Activision has filed a complaint this week in a California district court to end a dispute over the “Warzone” trademark.
The creator of a browser game, that is barely known, called Warzone.com apparently filed a trademark dispute against Activision for using “Warzone” as the name for their Call of Duty Battle Royale experience.
Fizzer, the creator of a browser game called Warzone, claims Activision should not be granted the trademark for Warzone because it has caused confusion over their own game. The dispute began in June 2020, when Activision filed a trademark for “Warzone” and “Call of Duty Warzone,” as first reported by PC Gamer.
In a lawsuit filed by Activision on April 8, 2021, Activision says that they are seeking declaratory relief because Warzone.com’s owners won’t stop attempting to halt their trademark usage of ‘Warzone.’ The lawsuit also says that Warzone.com’s owners stopped negotiating after declining the company’s counter offer sent at the end of March.
Activision also says they first filed trademark for Warzone in June 2020, with the browser game company only filing for the trademark in October 30, 2020. The browser based game has been available since 2017, but the company behind the game never filed a trademark for it until Activision’s Warzone became popular.
“Defendant’s threats of litigation and active efforts to block Activision’s trademark registrations have created an actual and live controversy as to the parties’ respective rights to use or register trademarks that include the word “Warzone.” Because Activision’s use of the “Warzone” title is both protected by the First Amendment and unlikely to cause consumer confusion, Activision is entitled to a declaration that it has not infringed Defendant’s alleged trademark and is entitled to have its pending trademark applications mature to registration.“
In the trademark filing in October 2020, the Warzone.com owner claimed that Activision’s trademark of Warzone “has already and will continue to result in the relevant consuming public being confused, mistaken or deceived” despite the fact that not many people have heard of the .com game.

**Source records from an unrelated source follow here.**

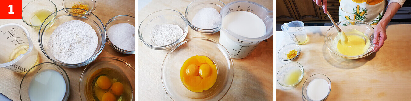 Aggiungeteli poco per volta alle uova e zucchero, e mescolate, poi unite il latte,la buccia grattugiata di un limone all’impasto, e tutto il suo succo all’interno.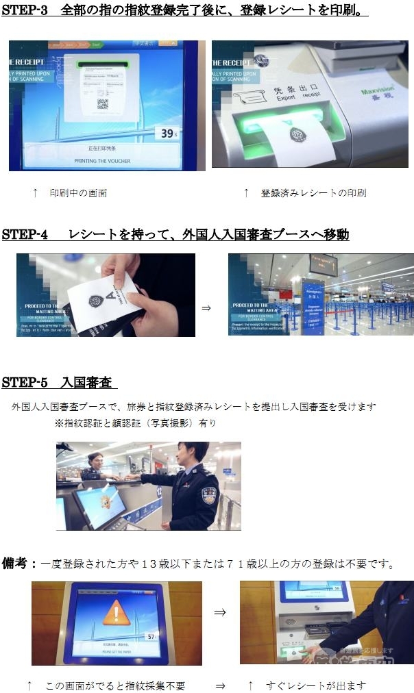 手続き:①初回入国時に指紋認証登録 (次回から不要)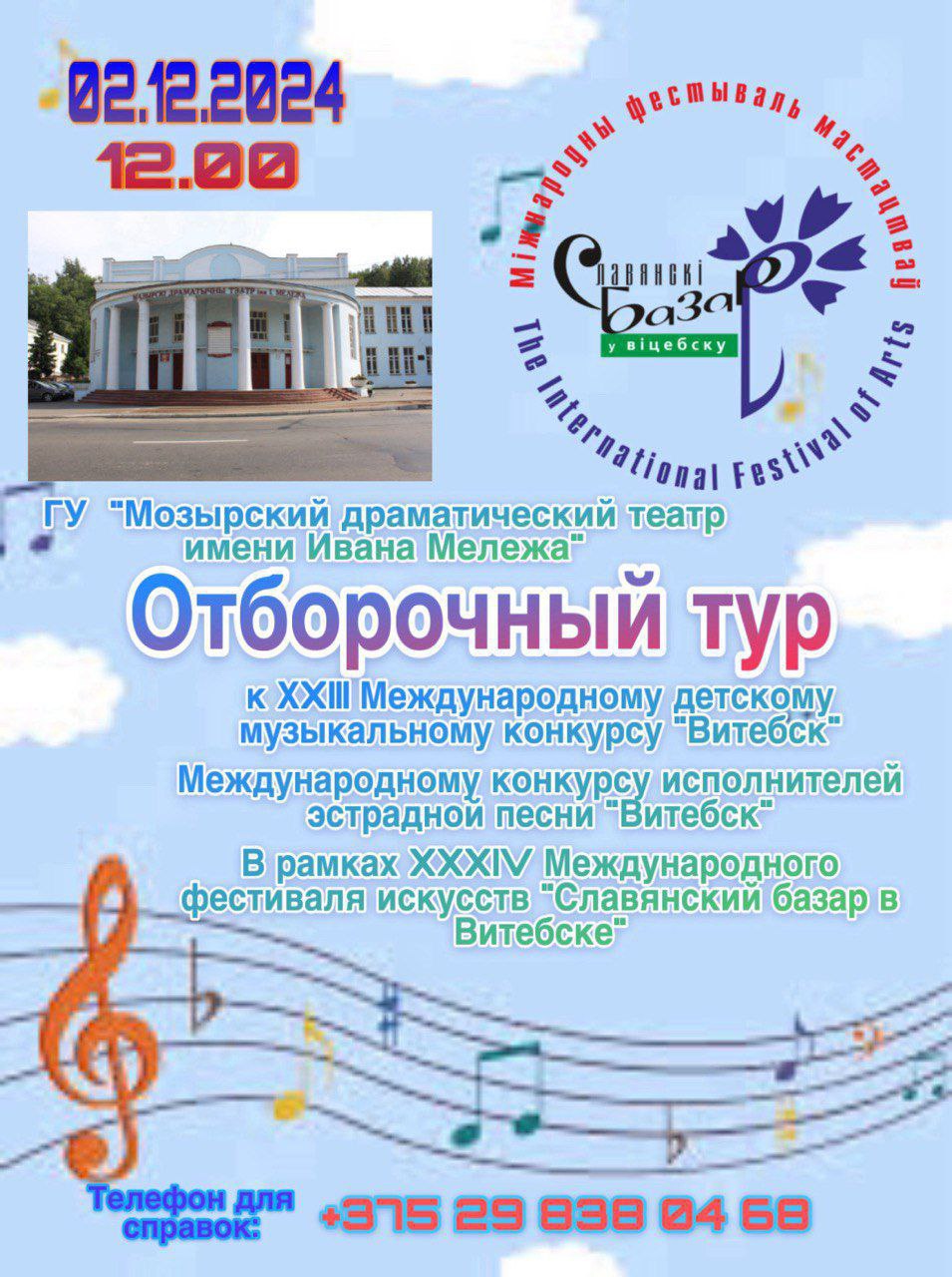 2 декабря 2024 года в ГУ «Мозырский драматический театр имени Ивана Мележа» пройдут отборочные туры к ХXIII Международному детскому музыкальному конкурсу «Витебск», и XXXIV Международному конкурсу исполнителей эстрадной песни «Витебск», в рамках XXXIV Международного фестиваля искусств «Славянский базар в Витебске».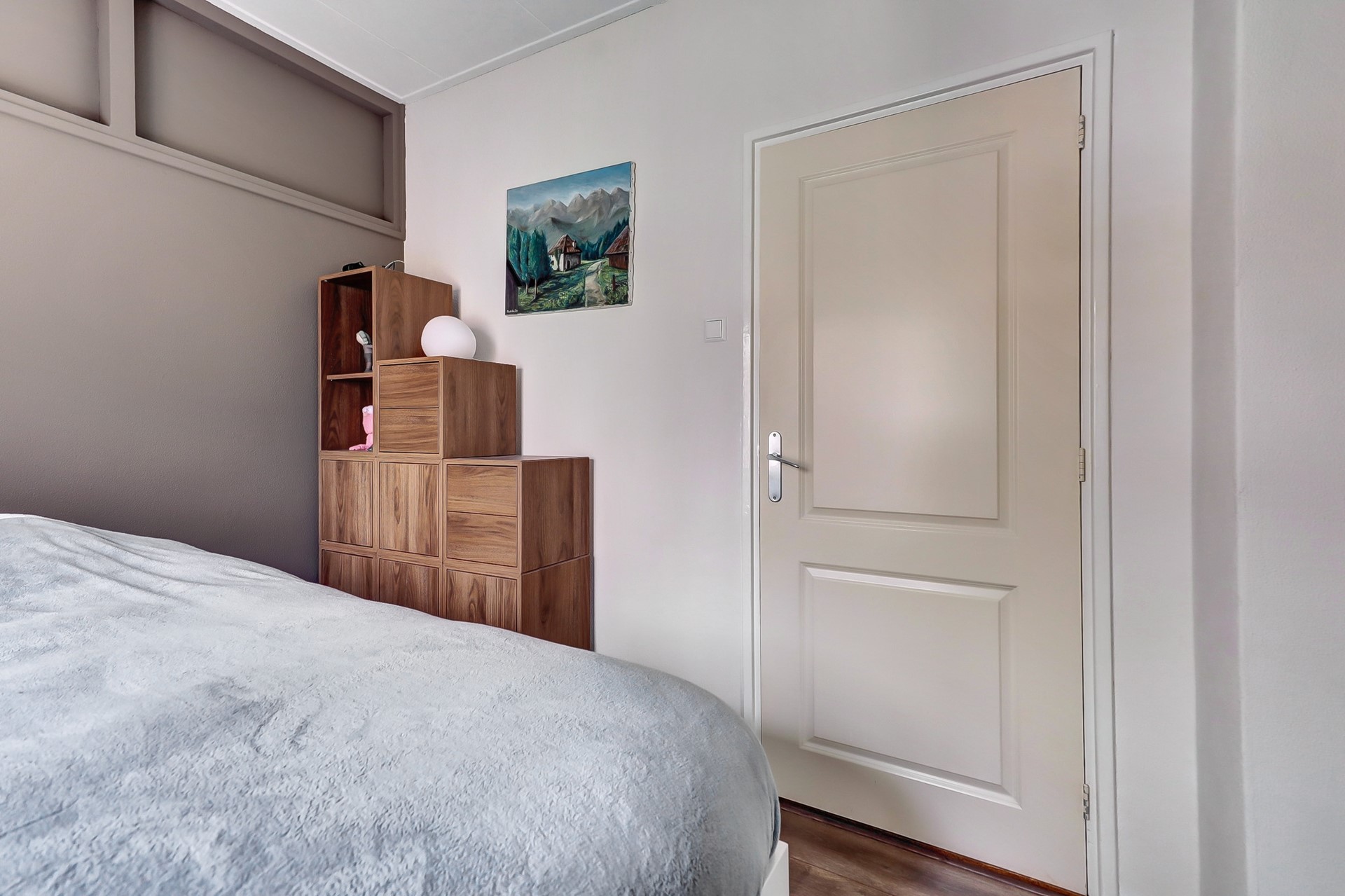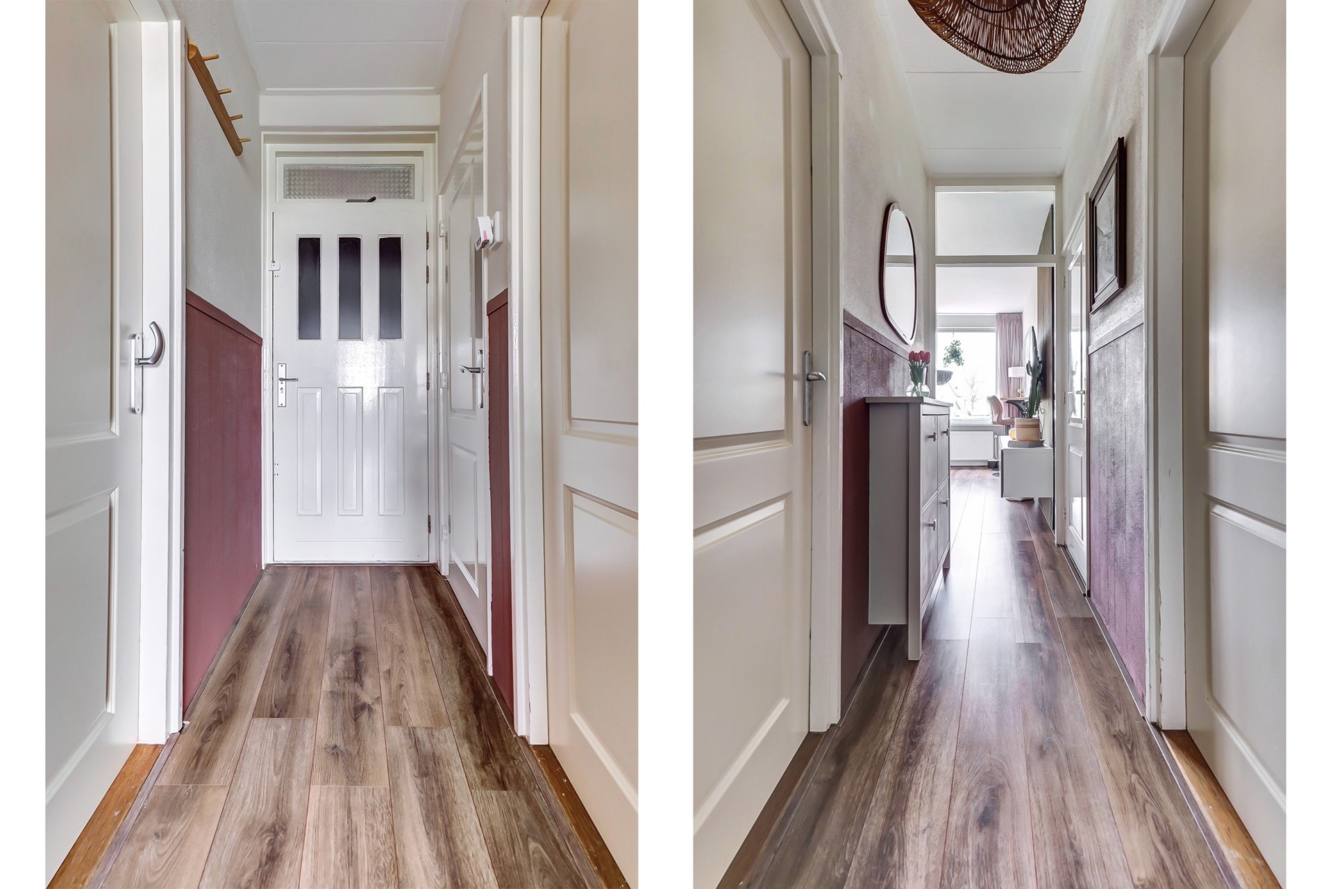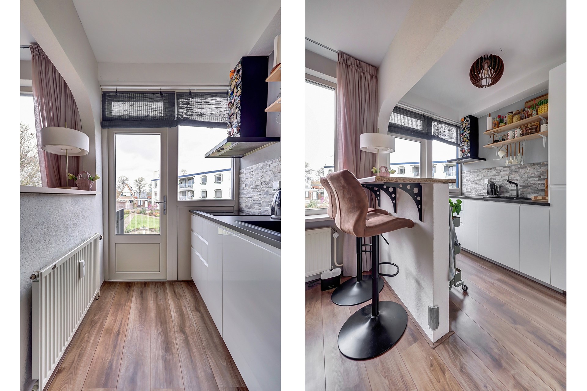 De indeling is als volgt: entree/hal met meterkast, grote slaapkamer met kastenwand aan de linkerzijde, de kleine slaapkamer aan de rechterzijde en de luxe badkamer met toilet, douchecabine, designradiator en badkamermeubel met wastafel eveneens aan rechterzijde. Recht vooruit betreedt u de lekker vierkante woonkamer met grote raampartijen en toegang tot de open keuken met nette inbouwkeuken. Tussen de woonkamer en de keuken bevindt zich een eetbar. in de keuken bevindt zich het warmwatertoestel en er is een deur naar het balkon.

Activision’s lawyers went off against the company in their latest filing stating that no one could compare Call of Duty Warzone to their “low budget” browser based game.
Activision’s filing says, “Call of Duty: Warzone could not be more different from Defendant’s game, a low-budget, niche virtual board game like Hasbro’s Risk. It is inconceivable that any member of the public could confuse the two products or believe that they are affiliated with or related to each other.”
Call of Duty: Warzone and Warzone have both been filed by Activision as “live” trademarks per the US Patent & Trademark’s office website. The two were registered on June 20, 2020 and are waiting to go live, per Activision’s new lawsuit.